Today is also Martin Luther King Jr. day, which is ironic given that Barack Obama is the antithesis of the great man who we honor with this holiday. Both in party affiliation (most Liberals seem to have conveniently forgotten that the Reverend King was a Republican) and in political and social values, there couldn't be two men further apart than Barack Obama and Martin Luther King Jr. The Reverend King believed in the American values of hard work, individualism and personal liberty as a means of operating the most just society. Barack Obama sees a large and confiscatory central government as the way forward to social salvation. Reverend King believed that each man should be judged by the content of his character, and not the color of his skin. Barack Obama has spent almost his entire life promoting the proposition that special compensation and opportunity should be awarded to him based solely on his skin color. And he aims to make this favorable judgement a matter of government policy, not only based on skin color, but now on sexual preference and immigration status as well.

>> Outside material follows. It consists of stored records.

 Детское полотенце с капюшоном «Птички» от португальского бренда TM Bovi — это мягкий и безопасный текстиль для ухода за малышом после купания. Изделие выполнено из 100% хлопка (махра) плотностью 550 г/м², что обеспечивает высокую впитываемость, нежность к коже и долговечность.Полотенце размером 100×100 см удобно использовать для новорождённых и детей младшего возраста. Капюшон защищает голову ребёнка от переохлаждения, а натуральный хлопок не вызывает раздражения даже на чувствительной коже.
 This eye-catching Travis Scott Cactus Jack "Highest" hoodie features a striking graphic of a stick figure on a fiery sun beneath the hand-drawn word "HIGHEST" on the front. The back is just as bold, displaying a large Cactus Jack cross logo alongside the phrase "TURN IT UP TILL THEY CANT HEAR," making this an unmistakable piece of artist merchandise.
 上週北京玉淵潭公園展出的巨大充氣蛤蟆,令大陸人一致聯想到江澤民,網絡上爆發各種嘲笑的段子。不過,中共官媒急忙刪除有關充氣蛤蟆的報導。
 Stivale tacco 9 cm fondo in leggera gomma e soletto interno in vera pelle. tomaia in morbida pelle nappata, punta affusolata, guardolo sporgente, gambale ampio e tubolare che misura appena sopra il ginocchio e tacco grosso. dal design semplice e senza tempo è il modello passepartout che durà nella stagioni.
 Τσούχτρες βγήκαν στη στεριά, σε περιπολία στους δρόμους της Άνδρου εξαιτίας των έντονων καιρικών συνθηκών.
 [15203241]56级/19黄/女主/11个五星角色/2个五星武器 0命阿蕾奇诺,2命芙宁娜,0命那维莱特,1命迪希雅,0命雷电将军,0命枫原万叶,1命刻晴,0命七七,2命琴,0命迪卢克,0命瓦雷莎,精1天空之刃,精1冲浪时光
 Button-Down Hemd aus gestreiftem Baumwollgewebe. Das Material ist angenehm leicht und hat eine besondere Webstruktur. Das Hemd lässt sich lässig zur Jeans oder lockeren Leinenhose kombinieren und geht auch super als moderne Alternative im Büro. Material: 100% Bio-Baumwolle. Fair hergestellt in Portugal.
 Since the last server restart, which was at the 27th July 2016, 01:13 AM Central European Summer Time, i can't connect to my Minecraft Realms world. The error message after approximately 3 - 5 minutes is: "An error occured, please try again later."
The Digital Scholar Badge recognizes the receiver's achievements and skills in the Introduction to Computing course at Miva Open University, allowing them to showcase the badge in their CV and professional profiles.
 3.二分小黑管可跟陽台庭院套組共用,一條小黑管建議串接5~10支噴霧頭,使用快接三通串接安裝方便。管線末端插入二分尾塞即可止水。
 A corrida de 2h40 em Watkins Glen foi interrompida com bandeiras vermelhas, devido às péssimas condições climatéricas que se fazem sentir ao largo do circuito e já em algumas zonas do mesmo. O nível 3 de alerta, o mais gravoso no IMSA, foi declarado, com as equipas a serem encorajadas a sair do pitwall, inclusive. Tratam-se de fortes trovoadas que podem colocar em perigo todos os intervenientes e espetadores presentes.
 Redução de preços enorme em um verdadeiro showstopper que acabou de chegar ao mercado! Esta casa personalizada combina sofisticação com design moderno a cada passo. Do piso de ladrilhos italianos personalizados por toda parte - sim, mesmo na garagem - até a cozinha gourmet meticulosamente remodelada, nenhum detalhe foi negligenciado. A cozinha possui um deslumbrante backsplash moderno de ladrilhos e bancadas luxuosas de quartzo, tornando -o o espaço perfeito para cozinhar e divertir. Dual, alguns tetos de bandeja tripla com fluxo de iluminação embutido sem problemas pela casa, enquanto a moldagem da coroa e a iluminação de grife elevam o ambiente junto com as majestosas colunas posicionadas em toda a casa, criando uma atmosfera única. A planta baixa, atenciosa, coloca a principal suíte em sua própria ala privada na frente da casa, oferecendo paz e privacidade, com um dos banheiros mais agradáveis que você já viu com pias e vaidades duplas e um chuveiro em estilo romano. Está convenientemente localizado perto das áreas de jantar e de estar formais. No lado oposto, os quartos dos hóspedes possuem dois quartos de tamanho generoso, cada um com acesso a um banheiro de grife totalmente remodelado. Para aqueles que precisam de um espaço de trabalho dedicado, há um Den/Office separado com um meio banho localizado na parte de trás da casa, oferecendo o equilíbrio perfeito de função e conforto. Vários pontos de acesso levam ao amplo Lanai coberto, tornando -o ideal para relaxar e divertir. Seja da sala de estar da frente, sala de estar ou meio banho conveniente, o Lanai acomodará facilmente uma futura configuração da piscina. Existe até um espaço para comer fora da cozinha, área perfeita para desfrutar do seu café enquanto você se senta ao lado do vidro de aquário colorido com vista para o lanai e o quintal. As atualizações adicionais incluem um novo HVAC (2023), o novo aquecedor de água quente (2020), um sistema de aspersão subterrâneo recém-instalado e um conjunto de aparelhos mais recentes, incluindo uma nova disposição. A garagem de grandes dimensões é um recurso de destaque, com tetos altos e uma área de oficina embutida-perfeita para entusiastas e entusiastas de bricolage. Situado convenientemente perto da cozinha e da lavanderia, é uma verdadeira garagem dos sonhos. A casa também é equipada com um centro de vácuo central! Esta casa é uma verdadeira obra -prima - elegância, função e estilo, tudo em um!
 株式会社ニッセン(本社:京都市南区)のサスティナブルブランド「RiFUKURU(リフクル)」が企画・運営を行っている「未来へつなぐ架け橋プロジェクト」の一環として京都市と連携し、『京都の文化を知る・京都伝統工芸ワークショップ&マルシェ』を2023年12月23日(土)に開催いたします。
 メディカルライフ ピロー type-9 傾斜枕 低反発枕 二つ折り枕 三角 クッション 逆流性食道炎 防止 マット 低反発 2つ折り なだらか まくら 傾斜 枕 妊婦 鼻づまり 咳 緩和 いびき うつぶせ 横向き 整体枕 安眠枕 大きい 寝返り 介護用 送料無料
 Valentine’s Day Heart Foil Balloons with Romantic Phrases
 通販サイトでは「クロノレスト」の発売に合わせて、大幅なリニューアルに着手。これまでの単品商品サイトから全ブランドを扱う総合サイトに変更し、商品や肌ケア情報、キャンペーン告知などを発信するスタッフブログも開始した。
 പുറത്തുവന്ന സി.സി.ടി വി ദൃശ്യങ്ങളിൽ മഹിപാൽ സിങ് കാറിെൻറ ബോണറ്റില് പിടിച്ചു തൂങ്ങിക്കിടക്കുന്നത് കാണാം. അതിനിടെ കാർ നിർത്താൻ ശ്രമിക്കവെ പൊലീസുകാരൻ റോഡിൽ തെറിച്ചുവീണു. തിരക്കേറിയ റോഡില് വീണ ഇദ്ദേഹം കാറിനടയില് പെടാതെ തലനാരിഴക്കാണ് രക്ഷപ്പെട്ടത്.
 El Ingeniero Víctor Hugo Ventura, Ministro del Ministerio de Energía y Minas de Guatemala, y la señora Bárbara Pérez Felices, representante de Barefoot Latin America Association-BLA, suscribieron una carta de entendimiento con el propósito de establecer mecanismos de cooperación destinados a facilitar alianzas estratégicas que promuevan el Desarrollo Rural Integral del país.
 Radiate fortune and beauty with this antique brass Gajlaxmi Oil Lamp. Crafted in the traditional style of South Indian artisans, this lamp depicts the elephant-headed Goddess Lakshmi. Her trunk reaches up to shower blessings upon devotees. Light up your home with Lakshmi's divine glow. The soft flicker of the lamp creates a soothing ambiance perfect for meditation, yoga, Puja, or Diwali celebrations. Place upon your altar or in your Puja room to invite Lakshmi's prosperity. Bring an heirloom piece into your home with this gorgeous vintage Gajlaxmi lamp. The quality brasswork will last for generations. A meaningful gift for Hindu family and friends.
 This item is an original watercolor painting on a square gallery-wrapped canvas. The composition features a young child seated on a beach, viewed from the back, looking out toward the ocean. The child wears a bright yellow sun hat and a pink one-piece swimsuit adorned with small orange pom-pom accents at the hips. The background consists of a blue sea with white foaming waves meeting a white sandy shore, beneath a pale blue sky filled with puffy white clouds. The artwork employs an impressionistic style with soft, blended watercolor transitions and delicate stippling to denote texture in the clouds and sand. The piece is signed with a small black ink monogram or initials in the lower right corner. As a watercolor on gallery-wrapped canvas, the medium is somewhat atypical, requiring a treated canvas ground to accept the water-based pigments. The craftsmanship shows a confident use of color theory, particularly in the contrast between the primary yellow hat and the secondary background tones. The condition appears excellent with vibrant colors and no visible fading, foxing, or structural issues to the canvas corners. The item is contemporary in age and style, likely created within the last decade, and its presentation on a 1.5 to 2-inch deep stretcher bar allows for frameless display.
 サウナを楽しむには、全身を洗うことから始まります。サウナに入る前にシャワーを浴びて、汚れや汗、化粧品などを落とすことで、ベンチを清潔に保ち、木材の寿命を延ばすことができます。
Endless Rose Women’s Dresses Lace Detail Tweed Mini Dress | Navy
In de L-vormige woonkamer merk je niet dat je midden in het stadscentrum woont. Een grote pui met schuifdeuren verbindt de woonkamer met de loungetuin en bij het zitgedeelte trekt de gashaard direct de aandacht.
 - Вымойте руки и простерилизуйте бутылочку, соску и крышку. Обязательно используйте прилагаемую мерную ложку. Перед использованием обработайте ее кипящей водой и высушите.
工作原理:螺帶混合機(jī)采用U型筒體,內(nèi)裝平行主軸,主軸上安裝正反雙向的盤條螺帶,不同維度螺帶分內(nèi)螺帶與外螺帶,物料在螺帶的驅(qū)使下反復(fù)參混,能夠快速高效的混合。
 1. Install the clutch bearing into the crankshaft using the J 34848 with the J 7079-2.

The Reverend King loved America and the values and principles upon which it was founded. Barack Obama seeks to tear down those values and replace them with ones that he deems to be more fair and socially just. This is not simply speculation on my part, the President has stated from the beginning that he wanted to fundamentally transform America. The Reverend King wanted to embrace American values and convince this country to realize its full potential, not by transforming into something else, but by reaching back and pulling forward the principles of its founding. He sought to emblazon on each American heart the words enshrined in our founding documents and bring to fruition the dream of his and all of our founding fathers.
As you experience snippets of inaugural hoopla today you will invariably hear references, vague or overtly, to Barack Obama being the realization of Reverend King's dream. Just consider that the source of these references originates from a political ideology which has sought to reshape, re-manufacture and re-package the man we honor with today's holiday. It is an ideology populated with people who in recent years have found Martin Luther King's spirituality so objectionable that they have dropped the word reverend from his title. It is also an ideology currently lead by the other man that some will honor today, Barack Obama, the anti-King.